Corporate Biopiracy and the Terminator Seed

Corporate power has long influenced the direction of basic biological research.  Rather than seeking better understandings of the relations of parts to each other in the earth’s incredibly complex and interdependent ecosystems, scientists for more than 50 years have focused on dividing, defining and parsing the genetic code of organisms as a prelude to claiming property rights to what they might some day invent, or merely describe.

More than 20 years ago, agribusiness, pharmaceutical and “life science” companies, Monsanto first among them, set their sights on what they called “commercialization and value capture” of global agriculture.

“In many cases it has become illegal for American farmers to save and plant their own seeds.”

Through campaign and other donations corporate lobbyists purchased regulations, laws and court decisions which mandated the registration of each and every crop variety, prescribed heavy fines for the planting and distribution of unlicensed seed, and required licensing and extensive record keeping on the part of anybody selling or giving seeds away.  In many cases, it has become illegal for American farmers to save and plant their own seeds.  At the same time, US patent laws were expanded to allow corporations to claim genetic material as their private “intellectual property.”

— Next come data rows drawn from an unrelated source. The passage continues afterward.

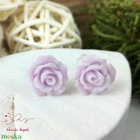 Levendula rózsás bedugós fülbevaló – 10 mm, nemesacél alapú elegáns virág ékszer
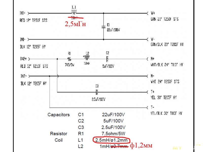 Тут же можно видеть АЧХ с разными фильтрами (индуктивности 3..5мГн и ёмкости 22..102мкФ).Решил использовать родную индуктивность 2,5мГн (местами будет встречаться надпись «3мГн»), не увеличивая её значение «добавкой» 1мГн.
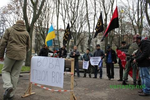 Саме вони чомусь мають спостерігати за свідоцтвом виродження більшовиків та ще й за присутності навколишніх недоумків зі "Свободи". Саме таким нерозумним словом другий секретар Львівського обласного комітету комуністичної партії України Юрій Ткаченко вказує "Свободі" на їх зайвість на цьому святі корвалолу та фуросеміду.
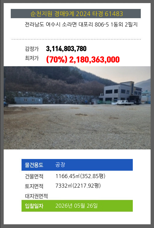 사건번호 2024 타경 61483 본건은 전라남도 여수시 소라면 대포리 806-5 1동외 2필지소재하는 근린시설경매 물건의 포스팅입니다. 토지면적 [ 7332㎡ (2217.92평) ] 시세를 반영한 감정가 3,114,803,780에서신건으로 감정가

“The granting of life patents,” environmental activist Dr. Vandana Shiva says, “was seen as an imperative both by the industry as well as the government.  The U.S. government actually encouraged life patenting. The decision-making was set by the courts, rather than by Congress, never with a public debate, never with a public policy decision on the ethical implications, ecological implications, economic implications of what life patents mean.”